Bienvenidos a Knockemstiff. El tipo que escribió este libro vivió allí y de allí salió y yo no sé si lo que cuenta es verdad o no (él asegura que no) pero en cualquier caso su imaginación da por posible, basándose no sé si en recuerdos o experiencias, que algo o todo de lo narrado en este y otros cuentos bien pudiera ser algo de lo más normal en un día de invierno. Esto incluye hombres que viven con mujeres deficientes con hijos a los que abandonan cada noche y que comen barritas de pescado congeladas cubiertas de las pelusas que se quedan en los fondos de los bolsos mal lavados; tenderos de gasolineras que se dejan fotografiar por los típicos turistas snobs gilipollas amantes de lo gore; hombres que violan y matan a niños incestuosos y luego duermen a pierna suelta. Cosas por el estilo, de lo más normales. Todo eso en ese pueblo de mierda de cincuenta habitantes a cual más carcomido. 

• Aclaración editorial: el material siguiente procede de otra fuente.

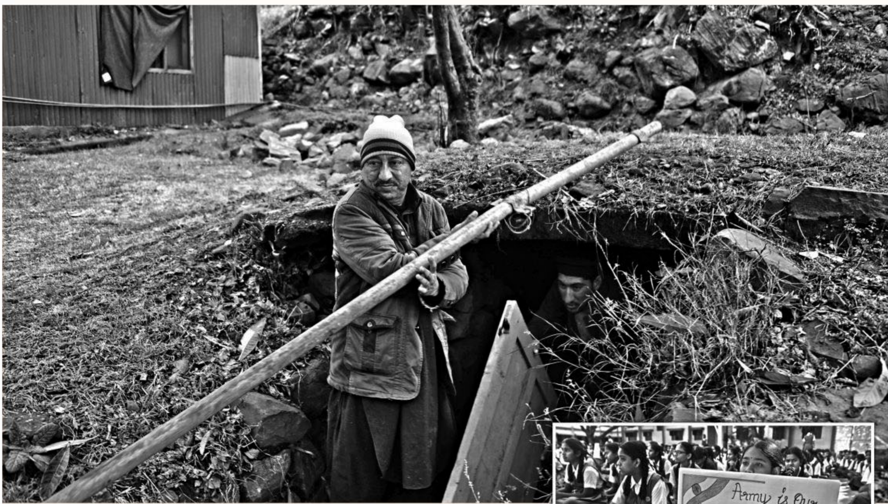
Local residents remove things from a bunker in the border town of Chakothi in Pakistan-administered Kashmir, some 3 km from Line of Control (LoC). Bunkers are being rebuilt and a blackout has been ordered in the area after a deadly attack in India-occupied Kashmir. Inset, an Indian student from the Saint Francis Girls High School holds a placard as they pay tribute to the slain Central Reserve Police Force (CRPF) personnel, in Hyderabad.
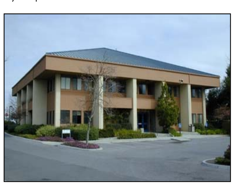
Landmark Office Center, Mountain View

Two buildings in the downtown market, 650 Castro Street and 800 W. El Camino, have been fully leased for several quarters but now have direct space available. There are also three large spaces available for sublease, ranging from 10,120 square feet at 444 Castro Street to another 17,589 square feet space at 303 Bryant. Although the asking rates on these spaces are lower than on direct spaces, they are not significantly lower because either the master leases were signed at a time when the rents were higher and the Sublessors are trying to recoup some of their costs or because the spaces are offered Plug & Play for a premium.
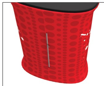
9. The zipper on the back is used to access inside the unit.
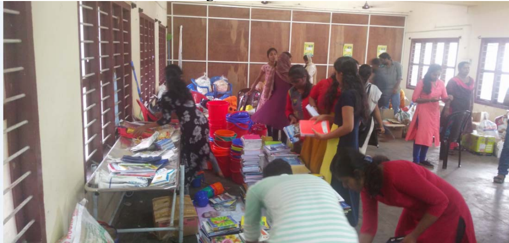
Students volunteered the Onam Kit preparation for the community ('Kaithangu Project by QSSS) during the Onam seasons.
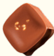
Miraculous Mandarin Tea, Sesame & Honey

* * * * * * * * * * * * * 

(Y a continuación y excepcionalmente un breve apunte autobiográfico que lo mismo puede ser verdad que mentira o que la simple adulteración de uno de esos recuerdos de la infancia que justifican el placer de ciertas lecturas y establecen nostálgicos y [al menos en este caso] aterradores- paralelismos.) Yo de chaval veraneaba en un pueblecito de las montañas de Lugo. Era una aldea, en realidad, de apenas 50 habitantes. Cruzarse con quince personas en un solo día era un poco el equivalente a meterse en el centro comercial de una gran ciudad una tarde lluviosa de un sábado de invierno. Eso hace treinta años. La última vez que lo visité fue el verano pasado. Toda la familia nos reunimos cada año con motivo de una consagración anual de tiempos remotos, una forma como cualquier otra de mantener vivos los  recuerdos de juventud. Lo que más me impresiona (y me gusta) al llegar, año tras año, es el silencio sepulcral de sus calles sin asfaltar. Me resulta imposible no imaginar al vecindario recogido en sus casas, durmiendo una siesta temprana o, no sé, desollando conejos vivos y vistiéndose los pellejos o quizá simplemente observándonos desconfiados detrás de las ventanas, cocinando o viendo la televisión. Cuando yo era crío no era consciente de todo esto [las miradas, los silencios, los asesinos en serie]. Mi día a día era correr por los montes y los campos, subirme a los árboles y atravesar cuantos bosques encontrase. Yo era el último ser vivo sobre la faz de la tierra. Hoy ni borracho dejaría yo a mi hija corretear sola por aquellos campos, por aquellos montes, por aquellos arroyos pedregosos y la culpa de esto la tienen libros como este de Pollock que nos fuerzan a creer, ante la pasmosa naturalidad del horror, que el infierno es vivir según cómo, según dónde, según con quién.



3 comentarios:

  1. No sé yo si atacaría un libro tan oscurito: ¿hay atisbo de esperanza, alguna manera de vivir decentemente por allí?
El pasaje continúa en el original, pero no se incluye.